2017年2月21日火曜日

英語の方が“style”だからね

今、世界中で一番話されている言語は何か、というネット記事を読んだ。一番はなんと中国語。なるほどな、そうかもしれないな、と感じつつさらに読み進めると、二番目は当然英語だろう、と思ったら、スペイン語だった。各々を母語としている人口統計によると、驚くなかれ中国語はなんと12億、スぺイン語が4億で、次の英語が3億だ。

そんな記事を読みながら、昨年、Everenoteにキープしておいた「欧州の言語」を思い出した。デュトゥルトル氏はイギリスが抜けつつあるEUだが、そこでの言語は英語であり、歴史的ヨーロッパ特有の多言語主義は一掃されたと書いている。グーグルやヤフー等に浸かりきった我々も、いまやフラットな日常生活。60年代から始まったと言われる情報時代は、かの国のレーガン・ブッシュ・トランプに呼応して、リベラルでインダストリーだったモダニズムから、グーローバルで経済実用主義的なポピュリズム、ポストモダンへと変容した。
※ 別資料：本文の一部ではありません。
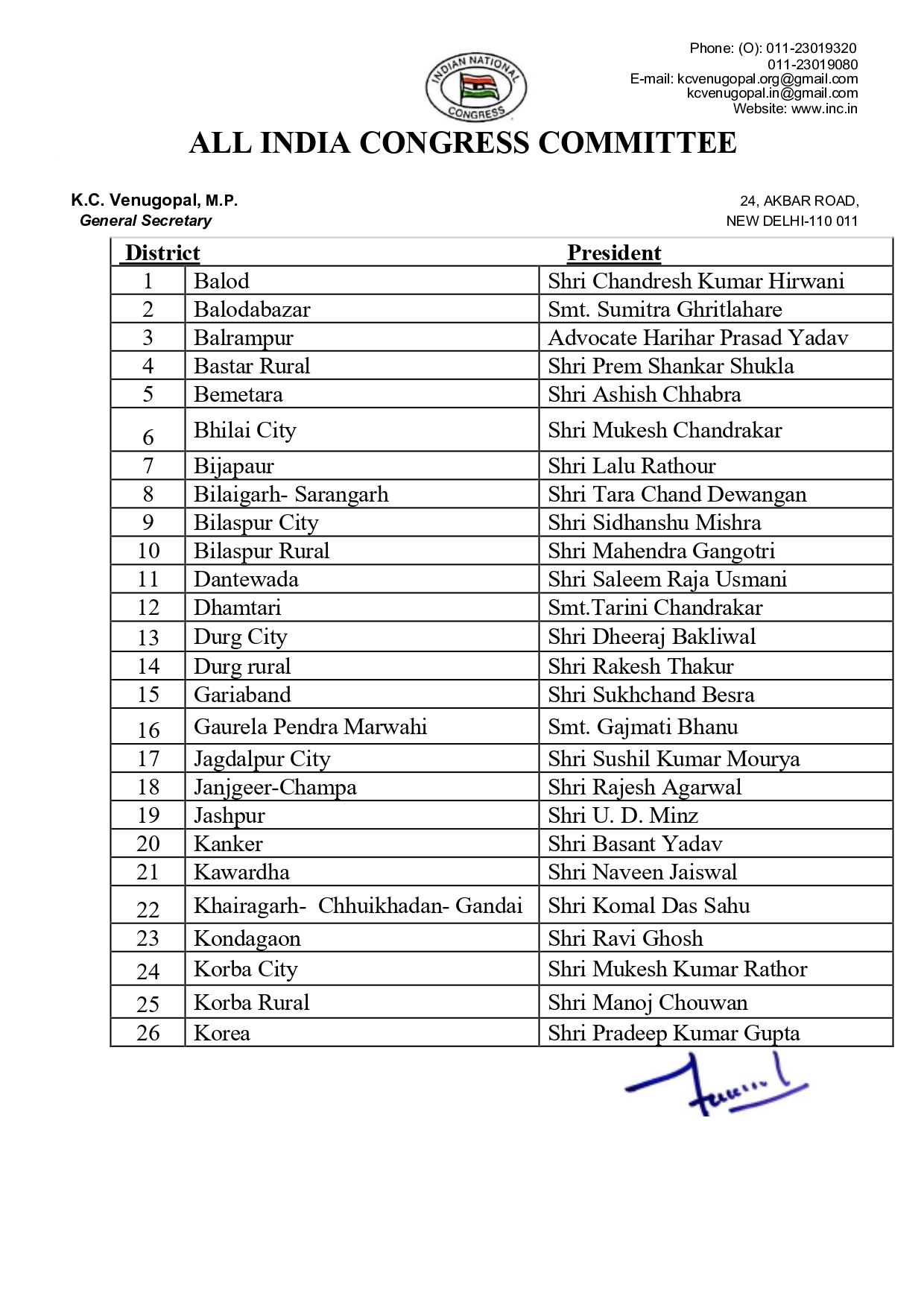 BREAKING : कांग्रेस जिलाध्यक्षों की सूची जारी
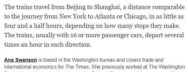 但是,《紐約時報(bào)》隨后刪除了這篇報(bào)道中有關(guān)中美列車速度對比的內(nèi)容。
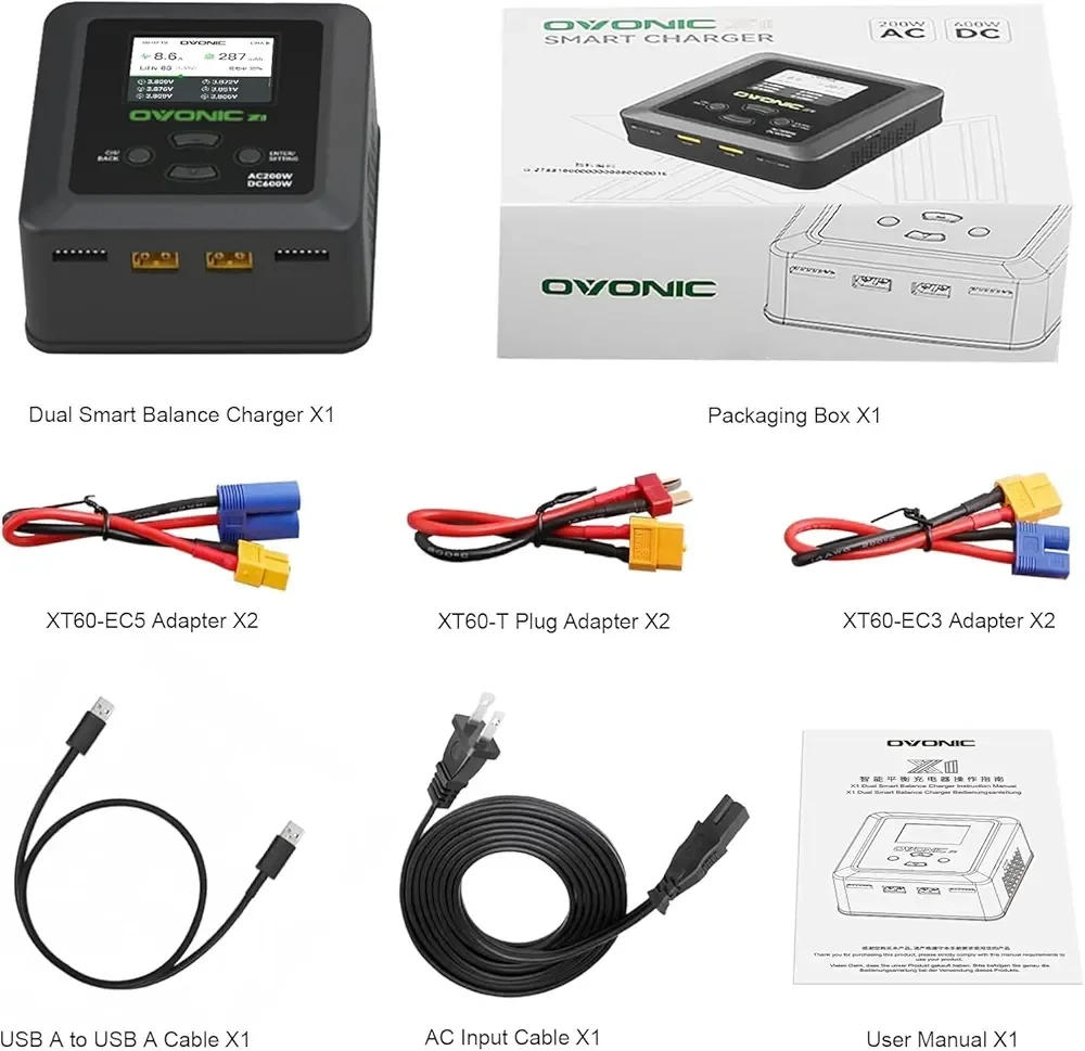 OVONIC Chargeur Lipo 200W 15A AC200W DC300W Dual Balance Chargeur pour 1-6S Li-ION NiCd NiMH LiHV RC Batterie RC Modèles (X1)
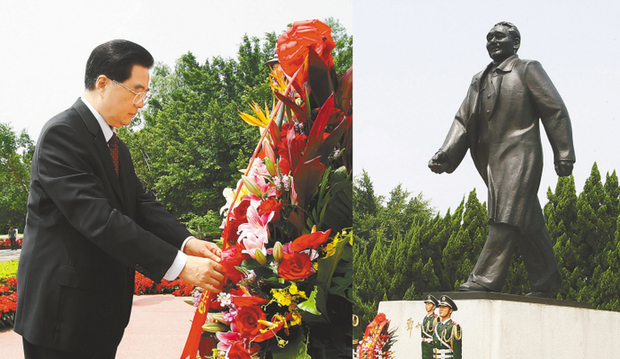 9月6日,中共中央總書記、國家主席、中央軍委主席胡錦濤在廣東深圳蓮花山公園向鄧小平同志銅像敬獻花籃,表達對鄧小平同志的無限敬意和懷念。 新華社記者 李學仁 攝
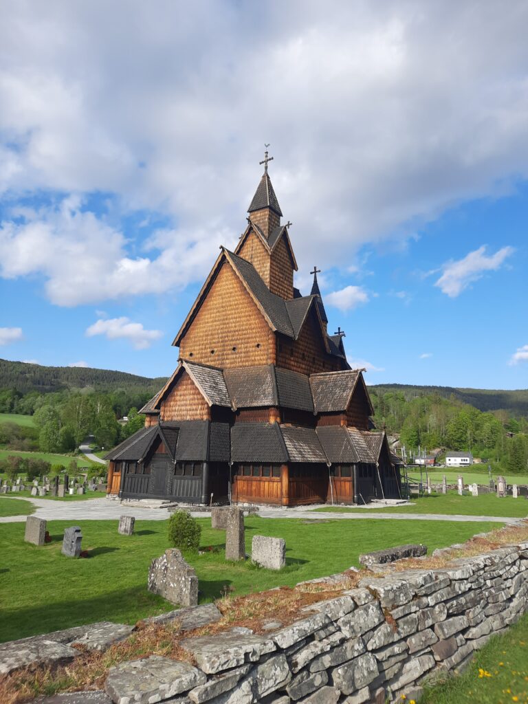 Jelikož jsme museli hodně změnit plány, z parkoviště u Gygrestolen jsme vyrazili do Heddal, kde je největší dochovaný kostel z doby přechodu pohanství na křesťanství. Bohužel už není otevřený, ale rozhodně jsme jej chtěli vidět. Podobný jsme totiž viděli loni ve skanzenu v Oslu, kam byl jiný kostel přestěhován. Je to jeden z 28 dochovaných kostelů tohoto druhu.
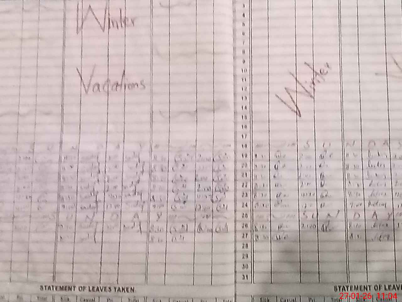 | Leave | Duty | Absent | Maternity | Medical | Ex- Pak |
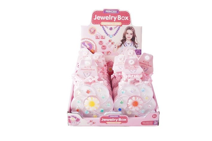 Sada prstýnků v krabičce ve tvaru kytičky. Sada obsahuje 10 nastavitelných prstýnků s různými barevnými kaminky.

確かに、ルモンド・ディプロティークの記事の冒頭にある「英語の方が“style”だからね」は巧みに、我々のポストモダンを言い当てている。

以下は「欧州の言語」から抜粋

by ブノワ・デュトゥルトル

from ル・モンド・ディプロマティーク日本語・電子版2016年6月号

“style”という言葉は「流行の(branché)」、「世の中の事情に通じた(dans le coup)」、「今日の(d’aujourd’hui)」を表現している。英語は単なる言語ではなく、世の中の変化や未来を示す印であり、どんな概念にも現代的な特徴を加える。

欧州のリーダーたちは経済概念や衛生・安全に関する諸ルール、規制緩和と民営化の目標、2本の線が引かれた通貨マーク、そして今やその言語までも米国から輸入した後、躊躇うことなく同じ外交・軍事路線に賛同していた。そしてあやふやだった欧州の防衛計画は、こうした路線へと置き換えられた。

この数年間、偽りの実用主義によってその使用が義務とされた英語のために、EUの多言語主義は一掃された。20世紀中頃に社会全体で始まったこの変動は、インターネットの影響のもとで驚くべき加速を見せている。グーグル、フェイスブック、ヤフー、ツイッター、そして米国で生まれた他の沢山のコミュニケーション・ツールは、それらの原産国のスキーマによってモデリング「英語の方が“style”だからね」。我々は日々、インターネットを通じて少しは飛び込んでくる英語に直面するだけではなく、米国的な思考をするようにも促されている。

EUは創設国の言語(フランス語やドイツ語、イタリア語……)を見捨て、その機構を長い間特徴付けていた多言語主義の原則を諦めながら、加盟国の中でも最も遠く離れた国の言語に頼っている。それはすなわち英国だ。つま先立ちの状態であるこのEU加盟国は、間もなくそこから離脱するかも知れないが、そうなれば英語というこの素晴らしい特権に訴える理由はなくなるのだ。